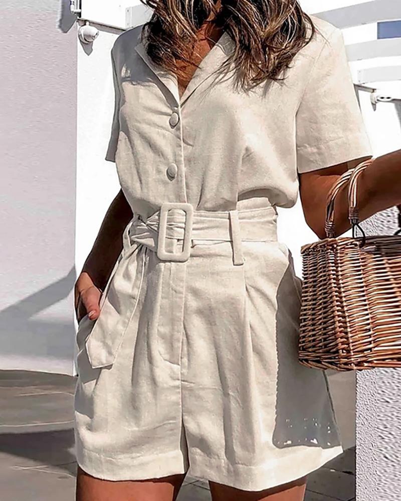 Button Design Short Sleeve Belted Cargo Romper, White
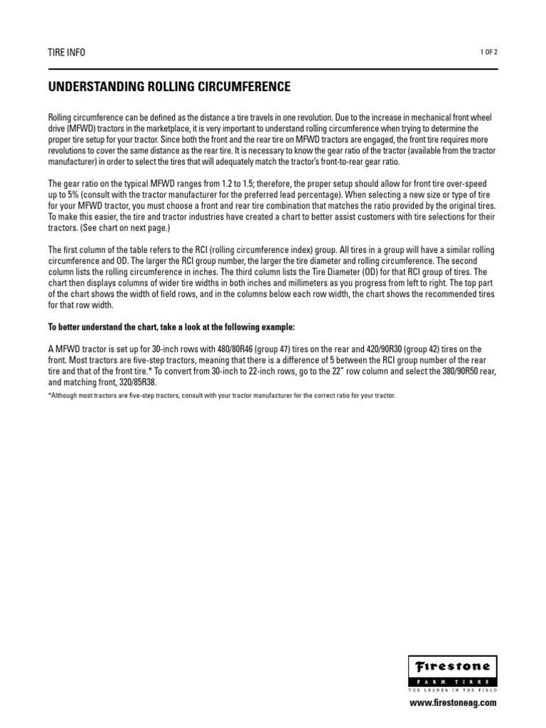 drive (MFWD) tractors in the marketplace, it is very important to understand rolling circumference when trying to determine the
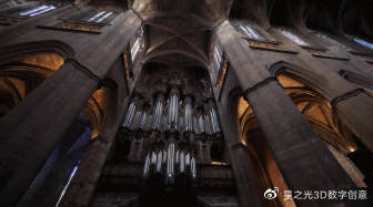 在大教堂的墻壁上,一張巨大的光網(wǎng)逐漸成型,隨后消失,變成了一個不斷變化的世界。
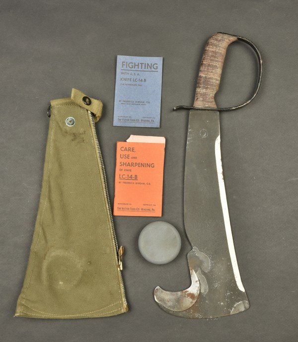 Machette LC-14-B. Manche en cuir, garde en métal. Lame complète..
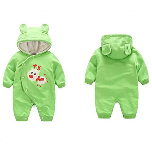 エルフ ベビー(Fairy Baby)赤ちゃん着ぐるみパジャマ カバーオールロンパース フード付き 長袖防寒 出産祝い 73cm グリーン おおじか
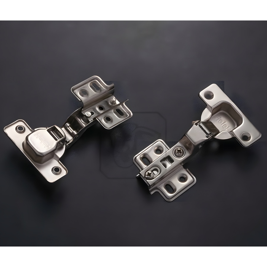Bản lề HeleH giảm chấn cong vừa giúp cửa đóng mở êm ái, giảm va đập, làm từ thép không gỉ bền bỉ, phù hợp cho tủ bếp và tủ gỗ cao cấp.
━━━━
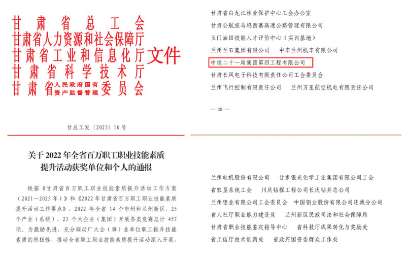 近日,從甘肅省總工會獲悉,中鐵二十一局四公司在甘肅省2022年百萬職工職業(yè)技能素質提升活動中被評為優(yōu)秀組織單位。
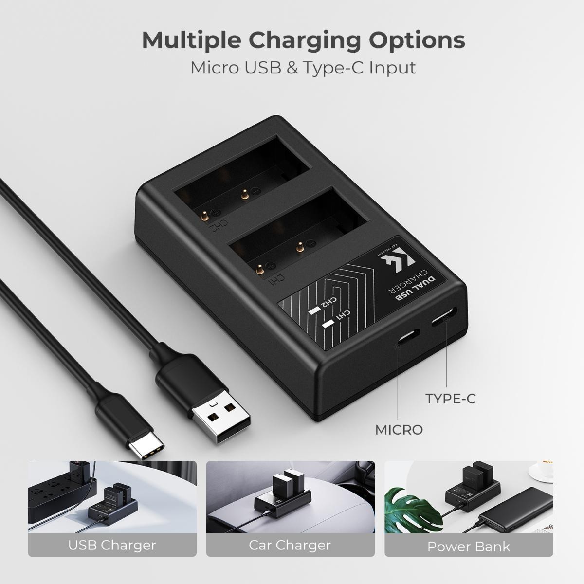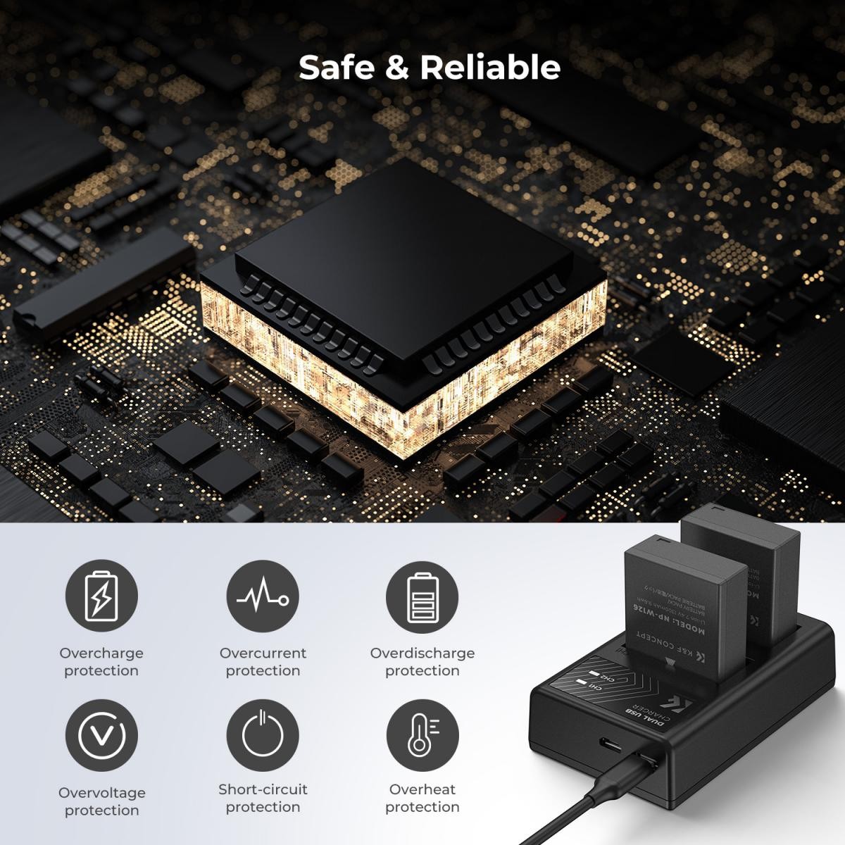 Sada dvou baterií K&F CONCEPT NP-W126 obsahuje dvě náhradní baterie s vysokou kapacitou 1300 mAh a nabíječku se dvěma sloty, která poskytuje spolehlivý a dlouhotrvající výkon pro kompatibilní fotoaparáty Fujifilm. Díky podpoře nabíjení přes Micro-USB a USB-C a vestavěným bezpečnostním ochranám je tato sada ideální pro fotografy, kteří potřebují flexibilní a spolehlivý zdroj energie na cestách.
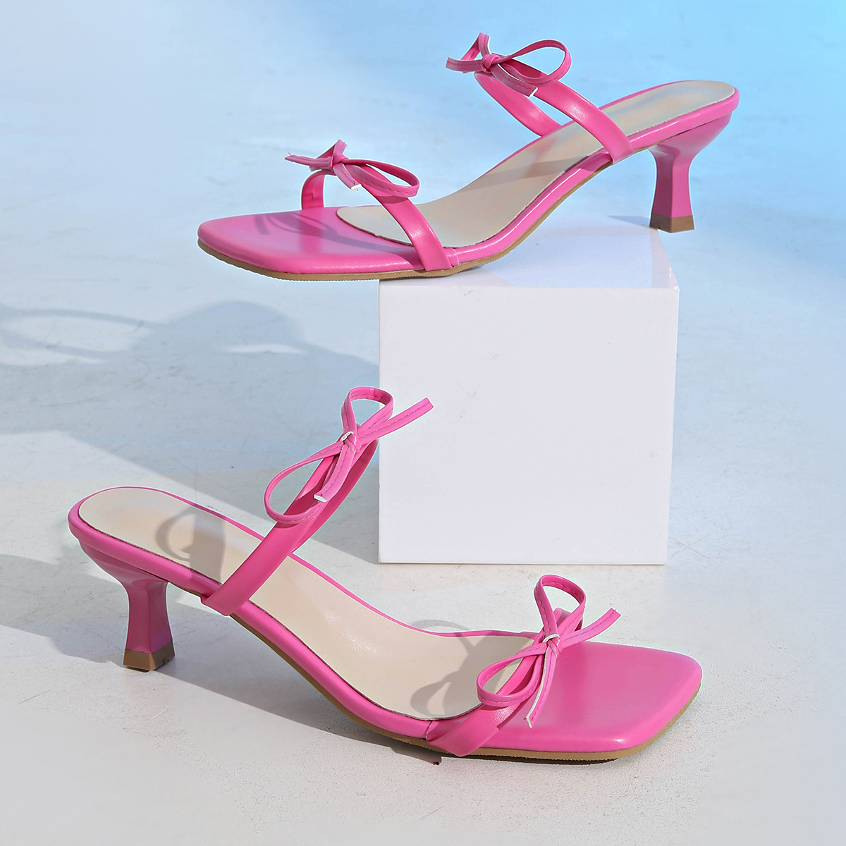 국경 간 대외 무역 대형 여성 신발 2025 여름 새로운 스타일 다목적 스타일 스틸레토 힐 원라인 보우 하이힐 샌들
━━━━
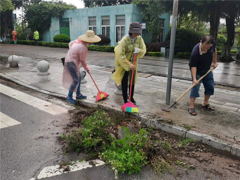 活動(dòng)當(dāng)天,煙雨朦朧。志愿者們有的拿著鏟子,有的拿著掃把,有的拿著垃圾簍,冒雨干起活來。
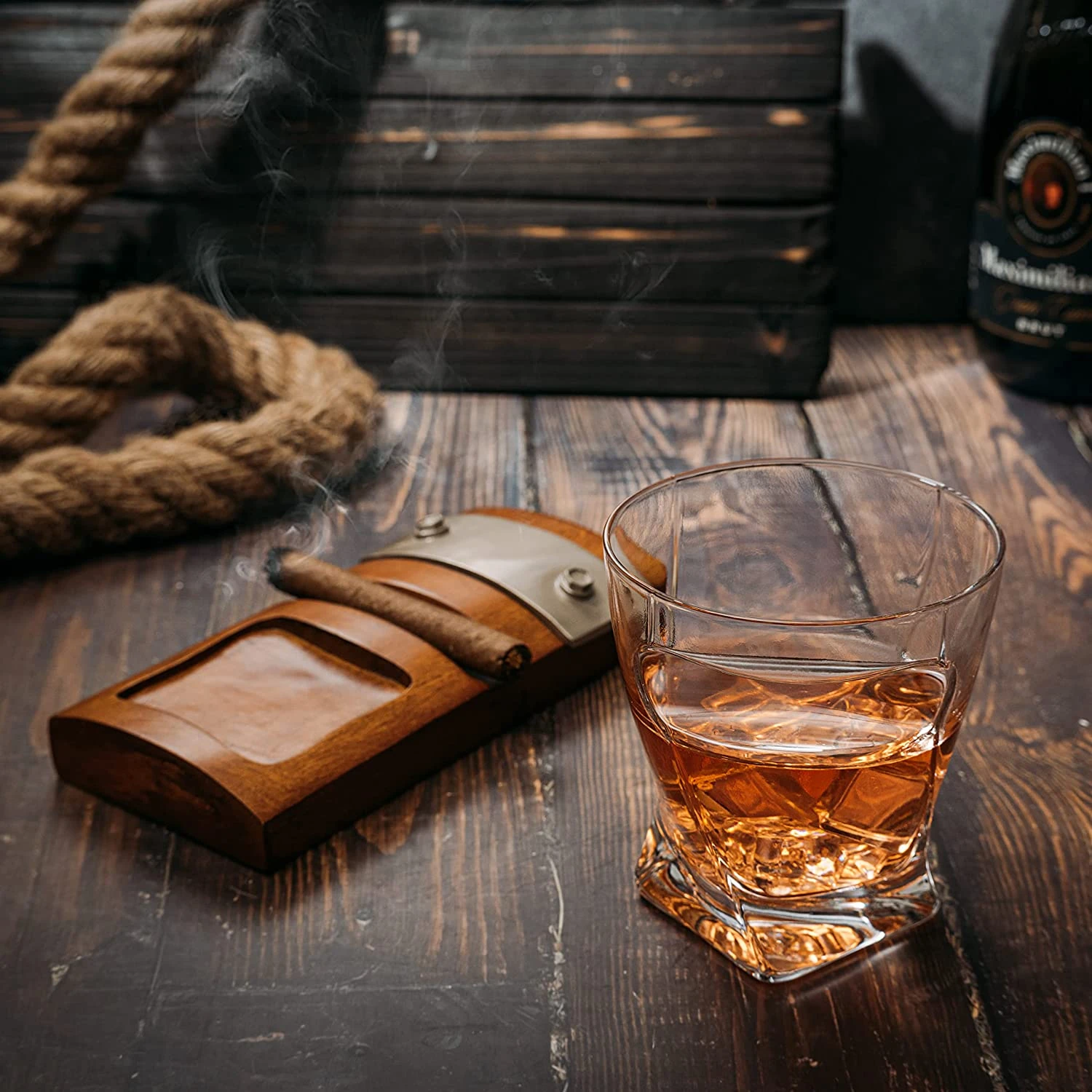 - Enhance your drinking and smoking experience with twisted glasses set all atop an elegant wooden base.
━━━━
-- Exercise goal --
Look above for the line with "活動(dòng)當(dāng" and the line with "- Enhance your"; set down those two lines and all lines between them exactly, without pictures and without anything else.

-- Completed exercise --
 活動(dòng)當(dāng)天,煙雨朦朧。志愿者們有的拿著鏟子,有的拿著掃把,有的拿著垃圾簍,冒雨干起活來。
 - Enhance your drinking and smoking experience with twisted glasses set all atop an elegant wooden base.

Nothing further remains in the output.